Cristina Danese vive a Milano dal 1960, quando arrivò dal Veneto più o meno alla stessa età che hanno i suoi allievi di quest’anno. E poiché ricorda la cocente vergogna di sua madre quando lei al mattino doveva andare a scuola senza aver cenato la sera prima, cerca di muoversi con tatto. Dalla mensa dell’istituto Rodari di Greco, a Milano, ogni giorno ha iniziato a riportare in classe sacchetti di pane e frutta e li offre in modo casuale. «Sono avanzati – dice – qualcuno li vuole portare a casa?». Sa che sempre gli stessi quattro, tutti figli di italiani, alzeranno la mano.
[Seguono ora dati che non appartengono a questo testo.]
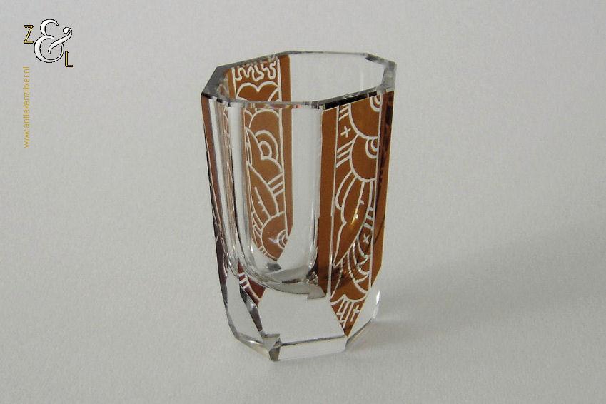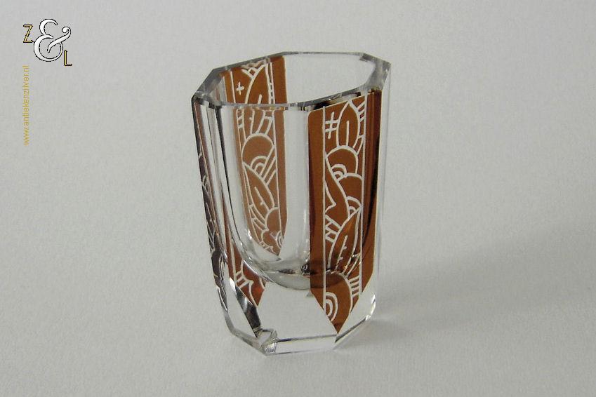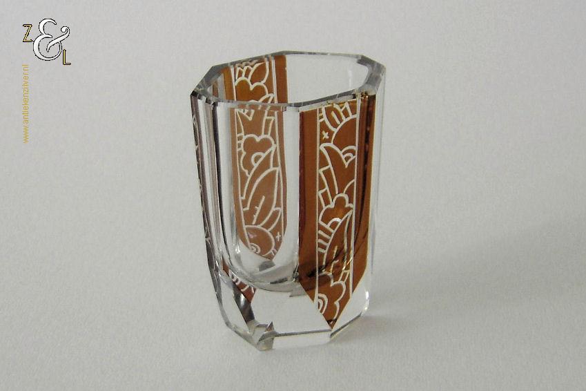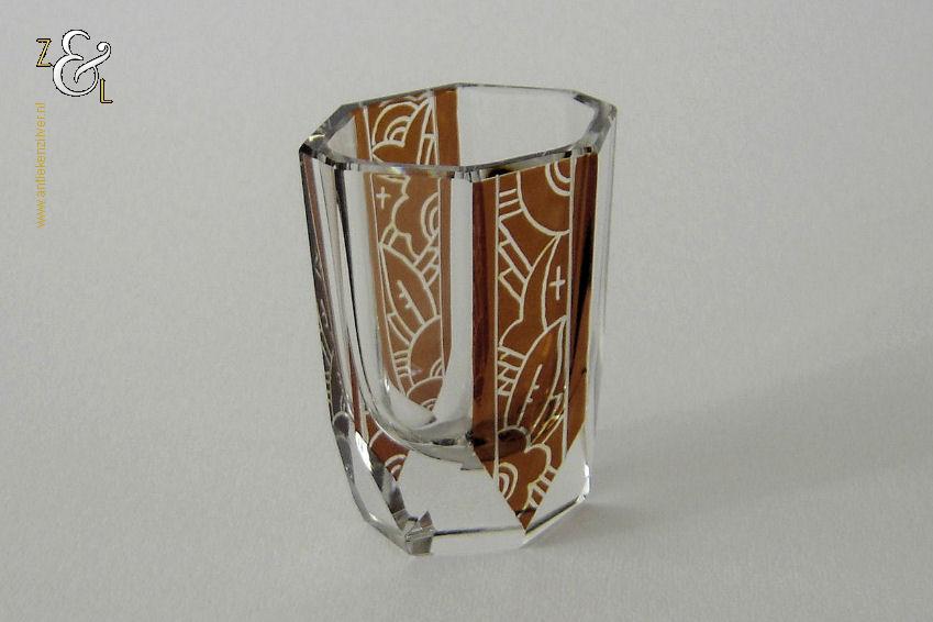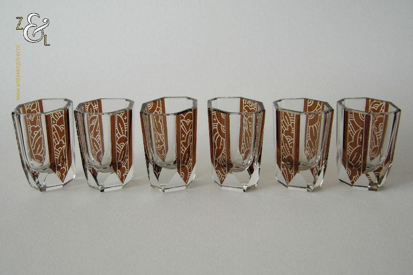 Deze zes glazen zijn gemaakt in Tsjechië – Bohemen bij de Firma Karl Palda en stammen uit de Art Deco periode (omstreeks 1930). De in hoogwaardig helder kristal uitgevoerde glazen zijn op de hand symmetrisch facetgeslepen, gepolijst en elk glas is voorzien van een verschillend bruin geëtste geometrische decoratie. De zes achtkantige likeurglazen wegen samen 616 gram en zijn 4.8 cm lang bij 3.8 cm breed bij 6.5 cm hoog.
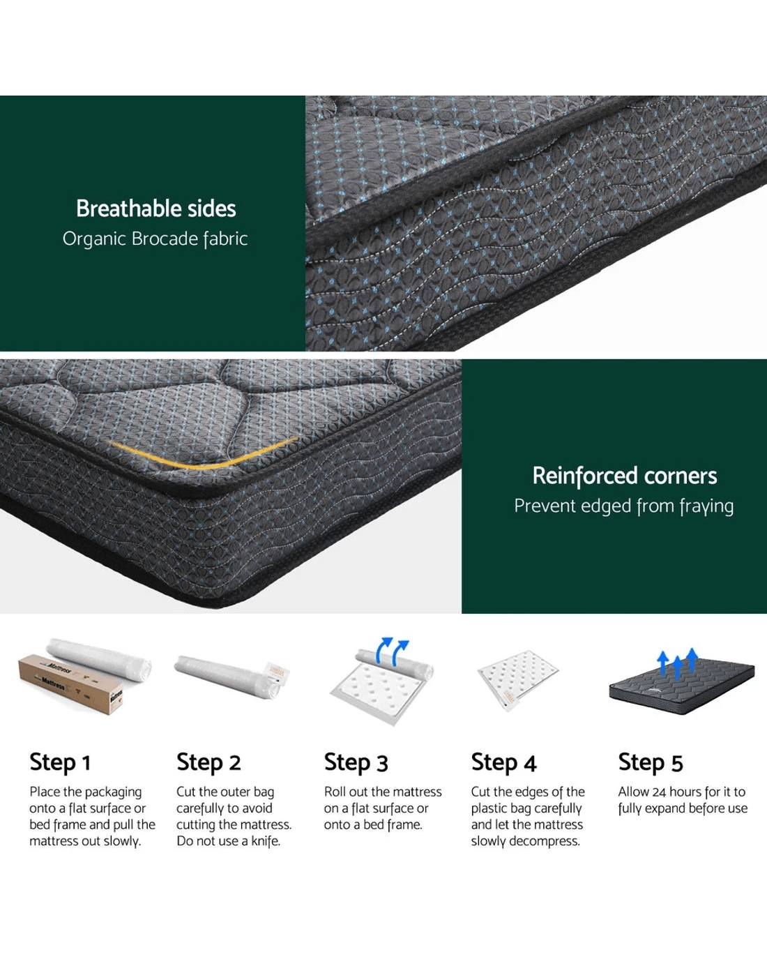 Built with durability in mind, the mattress boasts a Bonnell spring core with 6-turn coils for resilience and support. High-density foam layers add an extra touch of comfort, while the excellent edge support ensures stability and prevents sagging. Whether for a master bedroom or guest room, this mattress delivers quality sleep night after night.

Mille chilometri più a sud il 2014 invece era iniziato bene per Rosetta De Luca, di Cosenza. Aveva presentato domanda per una casa popolare nel 1985 e quest’anno finalmente il Comune l’ha chiamata per darle l’appartamento dove ora vive con tre dei suoi cinque figli. È a due passi dal magnifico Duomo medievale. Subito dopo però si è presentato un problema: improvvisamente la signora De Luca ha smesso di ricevere i pacchi del Banco alimentare, la più grande piattaforma italiana di distribuzione di cibo agli indigenti. Di solito le buste contenevano pasta, legumi, biscotti, olio, sugo, latte. Per una disoccupata di 48 anni come la signora De Luca, con due figli grandi ma senza lavoro, nessun diritto a un sussidio e una bambina di dieci anni, quelle consegne rappresentavano metà della dieta quotidiana. «Magari mangiavo una volta al giorno – dice – ma i miei figli sempre due». Poi sono iniziati i quattro mesi durante i quali non ha visto nemmeno un pacco, spiega sedendo al caffè dietro la cattedrale. Sua figlia Chiara la ascolta concentrata, assaporando un gelato alla nocciola. «Carne è una vita che non ne mangio e lei anche – aggiunge, indicandola con lo sguardo – Ci farebbe bene, siamo anemiche».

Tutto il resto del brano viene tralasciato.